Борис Глебович поднялся и отправился в туалет, размышляя: с чего бы это ему привиделась вся эта коприевская камарилья? Начинало светать, и в предрассветных сумерках у стены Сената, как раз напротив его, Бориса Глебовича, окна, он разглядел человеческую фигуру: некто стоял там на коленях, подняв кверху руки. «Господи, что это?» — Борис Глебович с опаской подошел ближе и вдруг опознал Наума. Тот находился к нему спиной, и то ли луч света неведомым образом пробился из-за горизонта и освещал его, то ли в руках у него горел невидимый из-за его спины фонарик, но кудлатая его голова лучилась слабым таинственным светом. Борис Глебович ощутил озноб и немощь в ногах. Он хотел было окликнуть Наума, но не решился, не нашел в себе силы и пошел дальше, стараясь ступать как можно осторожнее. Каждый шаг, однако, отзывался эхом, и Борис Глебович оглядывался: не заметил ли его Наум? Нет, не заметил: все так и стоял неподвижно, воздев к небу руки, и все так же источал свет. «На обратном пути подойду, — решил Борис Глебович, — обязательно!» Но, когда возвращался, на прежнем месте Наума не нашел. «Никому, никогда! — поклялся себе Борис Глебович. — Слишком похоже на сон. Или бред? Это еще хуже: засмеют!»
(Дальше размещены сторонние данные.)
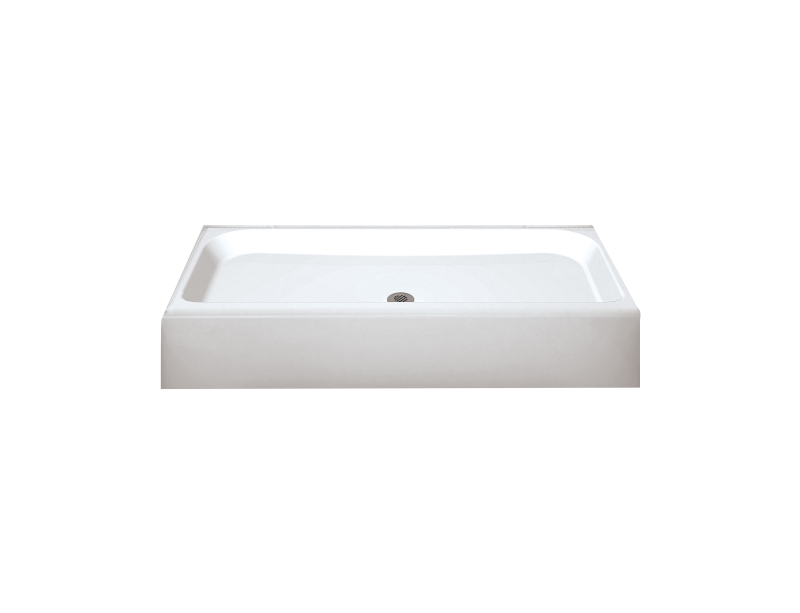 Integral tiling flange, center drain, ideal base for wall surround or ceramic wall applications. White. 5 years warranty. Glossy white gelcoat finish.

За завтраком Борис Глебович то и дело поглядывал на Наума. Свет сквозь небольшие окна проникал в столовую скудно, да и небо затянулось облаками, так что сверх всегдашней улыбки ничего в лице Наума он углядеть не мог. Что это за человек? Слабоумный, на манер этакого деревенского дурачка? Его простота, скудный лексикон вроде бы подтверждали такое предположение. Но… Было в нем нечто — тайна? скрытый намек на то, что он знал куда более, чем говорил? — что не позволяло его разом отписать в разряд умаленных умом. А улыбка и эта окружающая его умиротворяющая сила? Стоило ему подойти к месту, где были спор, неудовольствие, раздор, — и вдруг все разом утихало. Борис Глебович подметил это давно, но лишь теперь, пытаясь связать с давешним событием, вдруг подумал, что причина в каких-то необыкновенных способностях Убоги. Прежде считал: стыдимся, мол, ведь он как дитя, потому и ссоры прекращаем. Нет, ничего мы не стыдимся! Мы злые, самолюбивые эгоисты. А вот Наум — он другой. По крайней мере, в неискренности его обвинить невозможно…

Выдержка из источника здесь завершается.